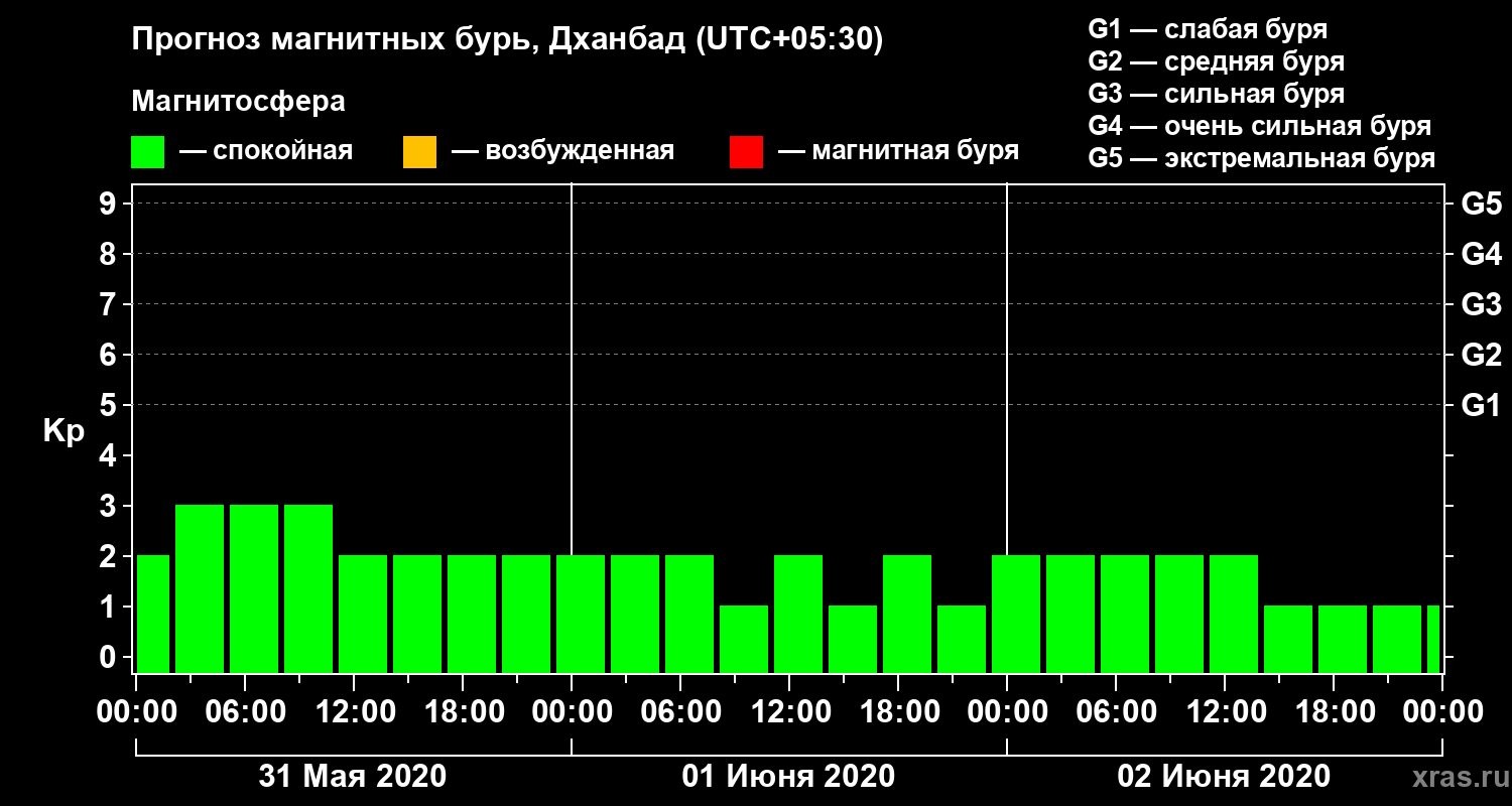 Прогноз магнитных бурь в Дханбаде — 31 мая 2020 года
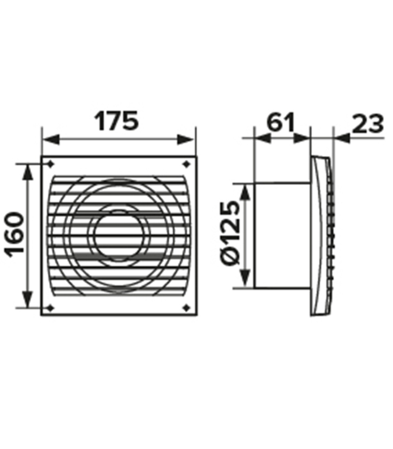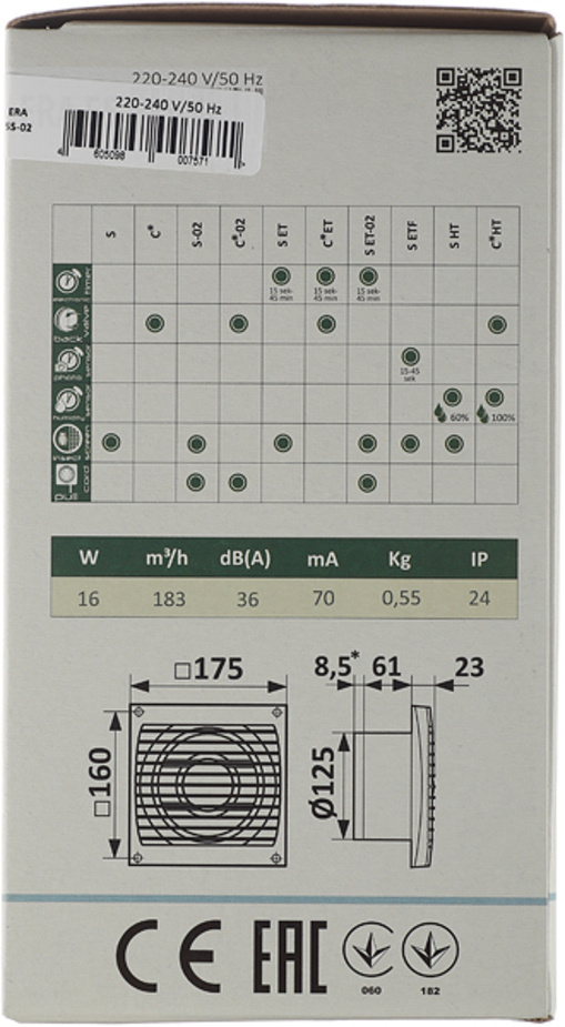 Вентилятор осевой ERA 5S-02 с тяговым выключатетлем 175х175 мм d125 мм белый
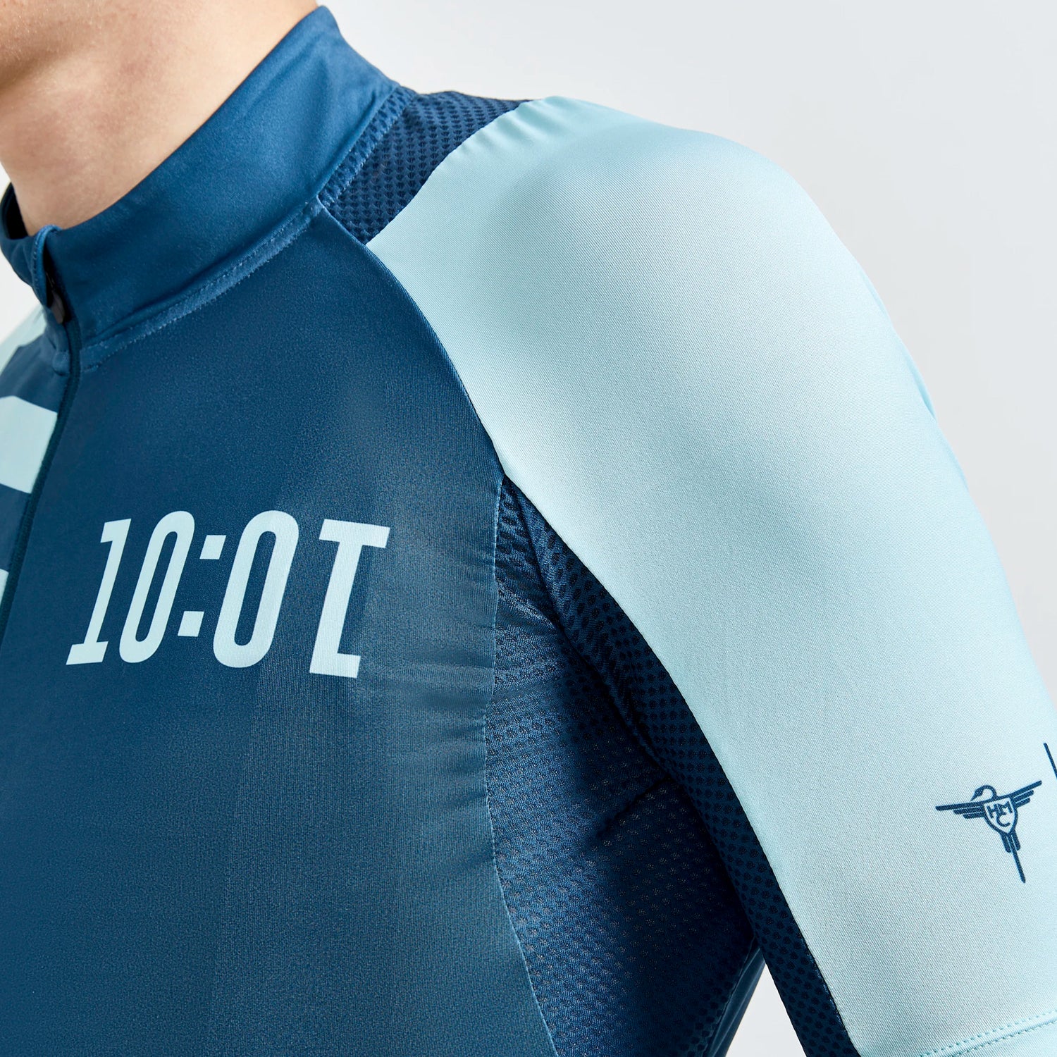- Mesh panel at the top of the back, inside the sleeves and on the sides.
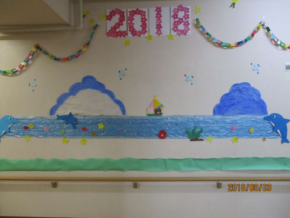 グループホームみんなの家 志木中宗岡のホール内も、夏バージョンになっています♪
##########
* **What you need to do**: When a line carries an image, skip the image and repeat everything else above exactly as written.

* **Solution for this task**:
 Прогноз магнитных бурь в Дханбаде — 31 мая 2020 года
 Вентилятор осевой ERA 5S-02 с тяговым выключатетлем 175х175 мм d125 мм белый
- Mesh panel at the top of the back, inside the sleeves and on the sides.
 グループホームみんなの家 志木中宗岡のホール内も、夏バージョンになっています♪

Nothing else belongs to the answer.